Look below for the line with "Hairy coat women's" and the line with "Pozlacená ocelová sada". Copy exactly those two lines and every line between, but not the pictures.

▶ **PROVIDED RECORDS**:

+++++

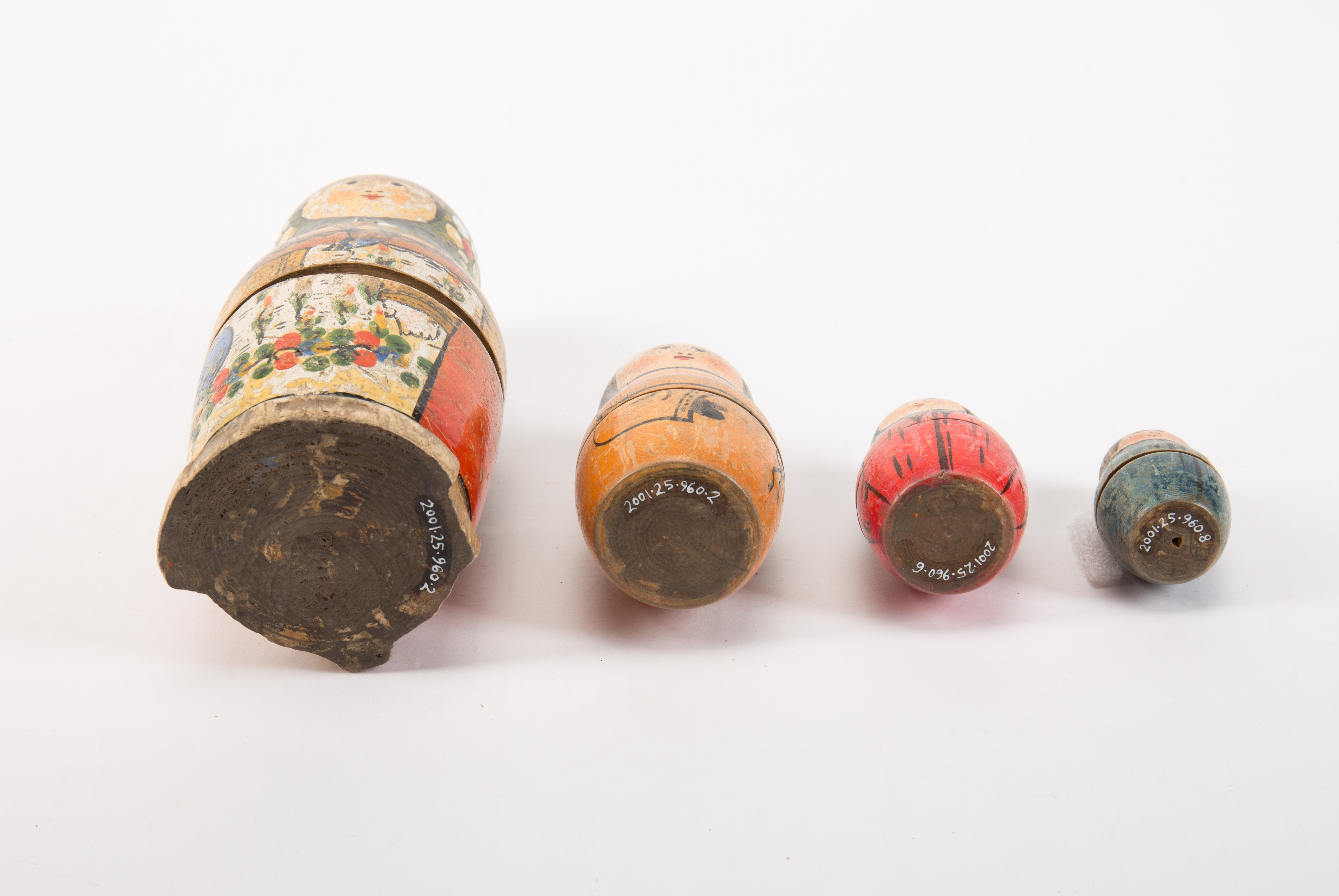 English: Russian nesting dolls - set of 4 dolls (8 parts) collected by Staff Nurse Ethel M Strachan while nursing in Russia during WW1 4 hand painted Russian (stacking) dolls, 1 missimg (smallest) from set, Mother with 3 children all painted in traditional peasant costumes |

+++++

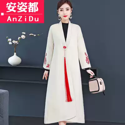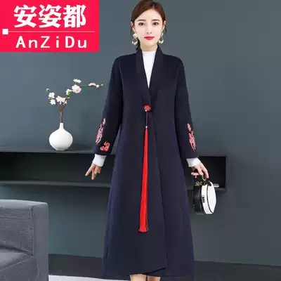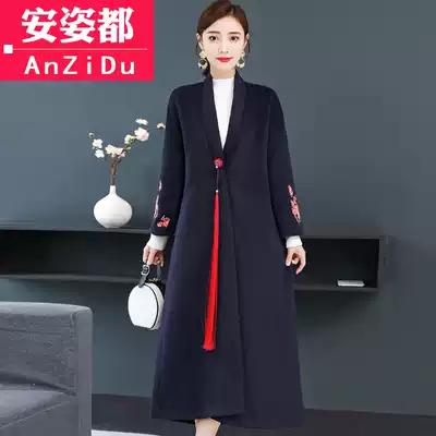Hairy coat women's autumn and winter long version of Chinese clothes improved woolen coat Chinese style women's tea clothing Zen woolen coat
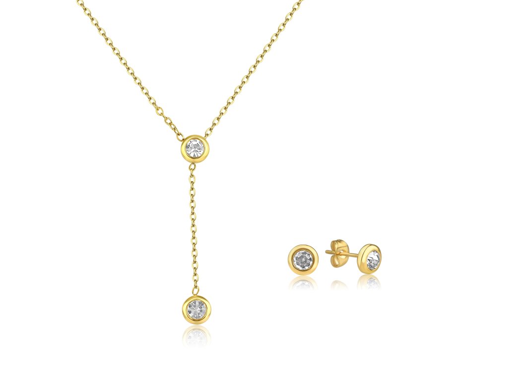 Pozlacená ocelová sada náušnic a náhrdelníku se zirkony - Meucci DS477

+++++

▶ **EXERCISE SOLUTION**:
Hairy coat women's autumn and winter long version of Chinese clothes improved woolen coat Chinese style women's tea clothing Zen woolen coat
 Pozlacená ocelová sada náušnic a náhrdelníku se zirkony - Meucci DS477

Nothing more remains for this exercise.